> **Exercise goal**
The material below includes pictures; leave them out and return only the lines between the line containing "Além de mais, os" and the line containing "在雕刻風(fēng)格上,浮", inclusive, word for word.

> **Data for this exercise**
++++++
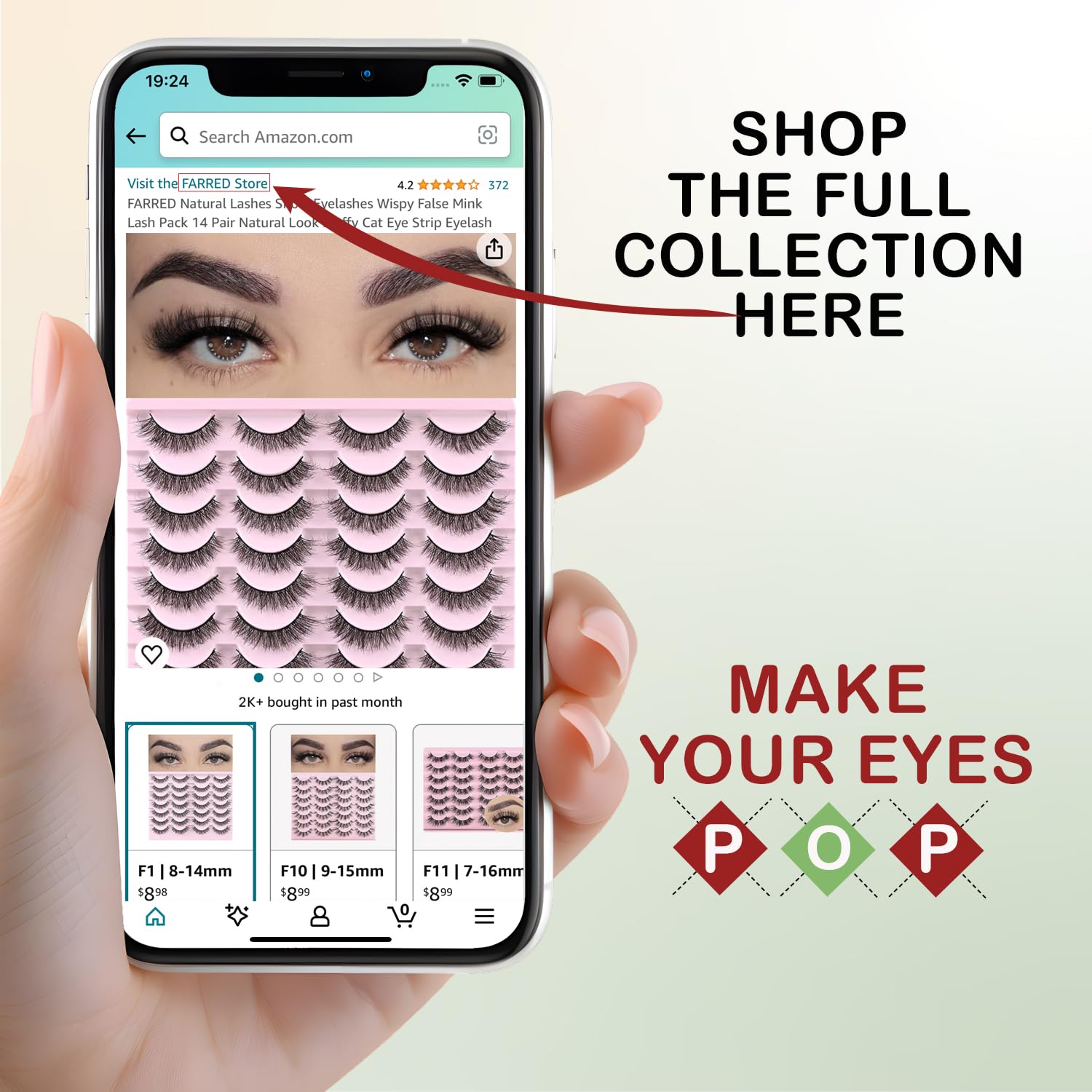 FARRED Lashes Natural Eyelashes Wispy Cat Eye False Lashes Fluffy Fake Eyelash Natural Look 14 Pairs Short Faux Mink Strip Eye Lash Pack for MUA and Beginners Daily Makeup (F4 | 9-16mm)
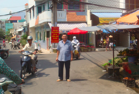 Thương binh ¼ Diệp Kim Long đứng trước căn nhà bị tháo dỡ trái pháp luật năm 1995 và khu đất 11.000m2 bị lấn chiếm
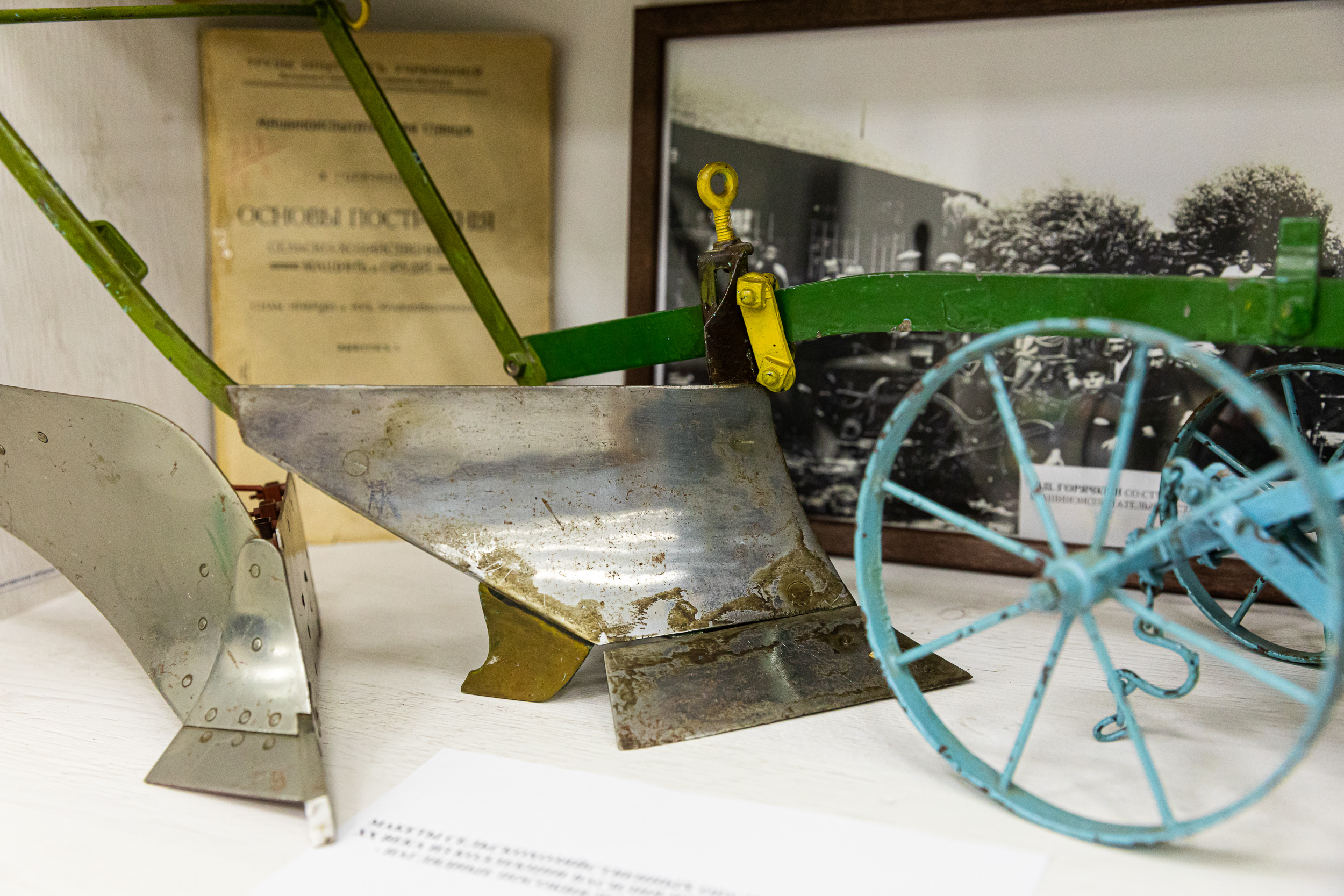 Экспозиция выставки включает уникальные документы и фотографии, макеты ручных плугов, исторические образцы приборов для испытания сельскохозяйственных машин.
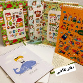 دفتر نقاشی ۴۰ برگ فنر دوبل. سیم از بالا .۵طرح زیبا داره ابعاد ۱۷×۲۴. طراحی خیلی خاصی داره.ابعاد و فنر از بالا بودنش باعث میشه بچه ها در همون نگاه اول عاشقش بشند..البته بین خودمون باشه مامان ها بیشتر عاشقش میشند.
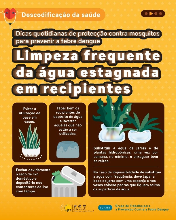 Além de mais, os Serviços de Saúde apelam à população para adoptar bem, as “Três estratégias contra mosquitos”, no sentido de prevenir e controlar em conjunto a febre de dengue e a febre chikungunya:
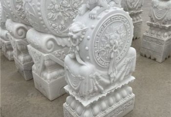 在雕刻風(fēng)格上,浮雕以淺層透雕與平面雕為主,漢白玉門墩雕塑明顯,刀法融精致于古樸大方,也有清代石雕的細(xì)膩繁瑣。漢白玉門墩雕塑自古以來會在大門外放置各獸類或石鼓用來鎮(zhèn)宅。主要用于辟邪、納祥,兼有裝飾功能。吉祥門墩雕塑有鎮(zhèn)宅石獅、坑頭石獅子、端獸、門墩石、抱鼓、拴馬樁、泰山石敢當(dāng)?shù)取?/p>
++++++
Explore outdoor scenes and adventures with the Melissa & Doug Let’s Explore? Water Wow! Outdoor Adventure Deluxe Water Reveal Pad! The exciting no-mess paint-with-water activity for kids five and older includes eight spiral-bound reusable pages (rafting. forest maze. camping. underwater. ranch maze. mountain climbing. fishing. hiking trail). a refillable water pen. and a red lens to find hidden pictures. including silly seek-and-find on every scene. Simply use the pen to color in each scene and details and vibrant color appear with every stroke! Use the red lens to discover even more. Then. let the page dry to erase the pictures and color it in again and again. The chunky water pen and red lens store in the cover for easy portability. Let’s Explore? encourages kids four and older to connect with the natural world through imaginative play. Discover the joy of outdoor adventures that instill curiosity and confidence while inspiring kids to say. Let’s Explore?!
++++++
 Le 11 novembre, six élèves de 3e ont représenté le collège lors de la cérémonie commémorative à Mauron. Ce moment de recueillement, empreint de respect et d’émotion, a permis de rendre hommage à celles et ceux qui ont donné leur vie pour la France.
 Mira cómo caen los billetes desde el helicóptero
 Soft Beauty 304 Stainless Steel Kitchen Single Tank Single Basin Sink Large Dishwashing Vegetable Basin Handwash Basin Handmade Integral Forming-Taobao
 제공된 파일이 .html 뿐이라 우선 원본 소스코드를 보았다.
++++++
> **Result of the task**
 Além de mais, os Serviços de Saúde apelam à população para adoptar bem, as “Três estratégias contra mosquitos”, no sentido de prevenir e controlar em conjunto a febre de dengue e a febre chikungunya:
 在雕刻風(fēng)格上,浮雕以淺層透雕與平面雕為主,漢白玉門墩雕塑明顯,刀法融精致于古樸大方,也有清代石雕的細(xì)膩繁瑣。漢白玉門墩雕塑自古以來會在大門外放置各獸類或石鼓用來鎮(zhèn)宅。主要用于辟邪、納祥,兼有裝飾功能。吉祥門墩雕塑有鎮(zhèn)宅石獅、坑頭石獅子、端獸、門墩石、抱鼓、拴馬樁、泰山石敢當(dāng)?shù)取?/p>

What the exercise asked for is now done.